Private Capital Findings Issue 22 | Coller Capital
13 May 2026 Publication
Research & Insights

Private Capital Findings, Issue 22

Seeing the whole picture

New research reveals that the narrative tone of interim reporting can be a better predictor of future performance than financial metrics alone.

By Amy Carroll

Private equity’s illiquidity and long-term nature present investors with a conundrum when deciding whether or not to commit to a new fund: how do they assess the probable future performance of a portfolio that is largely unrealised? And, by extension, how accurate are the interim valuations that the general partner provides during fundraising?

This issue is particularly pertinent today, as exits have proved hard to come by in recent times. “The predecessor vehicle’s portfolio is the basis of the due diligence that we do to determine the quality of the manager,” says Sven Czermin, a partner at Palladio Partners. “Fundraising cycles come around every three or four years, while holding periods at the moment are often at least five or six years. So, when we are assessing a fund, we are largely trying to evaluate the performance of unrealised investments.”


Our research adds to a body of academic literature that highlights the limitations of interim valuations.

Florencio Lopez-de-Silanes, SKEMA Business School

Investors therefore have to look closely at a GP’s interim valuations – but they have to approach these with caution and a degree of scepticism. “The reliability of interim valuations as predictors of final performance is moderate and conditional,” says David Scopelliti, global head of private equity and private debt at Mercer. “Interim valuations are often noisy and are subject to manager discretion, timing effects, and market sentiment.”
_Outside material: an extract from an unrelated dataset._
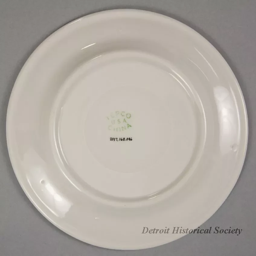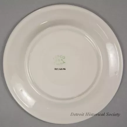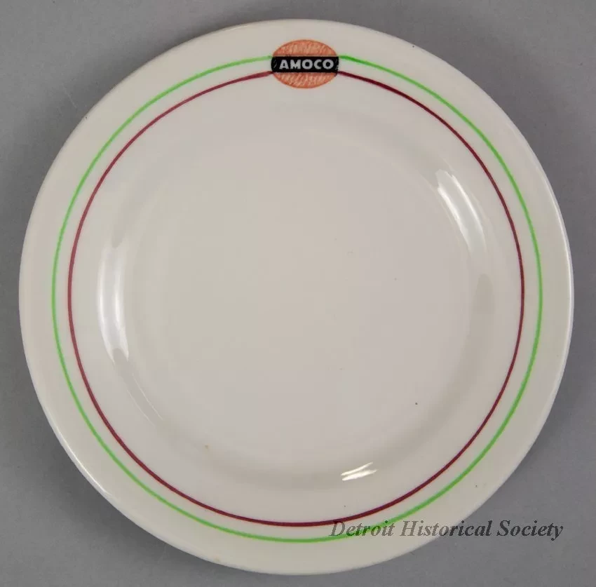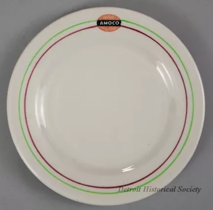 One dessert plate from a dining room of the Amoco Oil Company Great Lakes tanker fleet. The round plate is made of heavyweight glazed china in a light tan color. It has a flat, upturned rim with a thickened outer edge and narrow green and red stripes along the midpoint of the rim. At a break in the stripes, an oval-shaped, red/black company logo is stamped with lettering that reads "Amoco." The underside is stamped with green text that reads "Tepco China, U.S.A."

“In my opinion, interim valuations are not a reliable predictor of future performance,” adds Czermin. “Yes, there are guidelines, but GPs still have a certain degree of discretion when it comes to how these valuations are presented. They can use adjusted, budget or forecast EBITDA, or the last 12 months’ EBITDA. The same is true for multiples. They can keep them constant, look to public markets, and choose whether or not to use discounts. The true value can only really be determined at exit, so while interim valuations should provide a strong sense of where assets stand at a particular point in time, in reality, there is too much potential for upward bias.”

The research

There has been extensive research examining the informational value of PE interim valuations, but there has been little analysis of the accompanying qualitative disclosures. This is a gap that Would I lie to you? On Private Equity Intermediary Performance Reports aims to fill.
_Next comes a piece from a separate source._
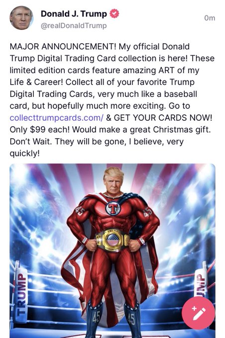 trump is releasing NFT trading cards of himself… it

The research was carried out by Borja Fernández Tamayo (Université Côte d’Azur, SKEMA Business School and Unigestion), Reiner Braun (Technische Universität München School of Management), Florencio Lopez-de-Silanes (Université Côte d’Azur, SKEMA Business School and the National Bureau of Economic Research), Ludovic Phalippou (University of Oxford, Saïd Business School), and Natalia
Sigrist (Unigestion). It draws on a novel dataset of over more than 20,000 interim performance reports from 2,049 investments, including both quantitative metrics such as sales, EBITDA margins, and valuation multiples, and over 240,000 sentences of qualitative commentary, to provide richer insights into portfolio dynamics. The project was developed in partnership with Unigestion, the source of the raw data used, and SKEMA Business School, which provided funding.
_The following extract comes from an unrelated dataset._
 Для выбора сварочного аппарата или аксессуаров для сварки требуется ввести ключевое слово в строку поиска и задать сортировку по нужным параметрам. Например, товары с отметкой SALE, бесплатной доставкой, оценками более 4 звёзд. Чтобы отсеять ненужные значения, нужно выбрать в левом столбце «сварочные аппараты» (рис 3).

Using LLMs, the research finds that the tone of the commentary included in interim performance reports is a reliable predictor of how investment performance could change from interim to final valuation. A positive tone is associated with a significantly higher realised multiple on invested capital (MOIC), even after controlling for an investment’s interim valuation and fund characteristics.
Specifically, it finds that a one standard-deviation increase in measured optimism (equivalent to a change from a neutral tone to the average — moderately positive — tone) results in a 0.18x subsequent increase in MOIC. The same magnitude of increase in interim MOIC results in just a 0.09x subsequent increase in MOIC above the interim. Reporting tone is particularly informative during fundraising periods and, unlike interim valuations, tone consistently predicts final multiples across GP locations and deal regions.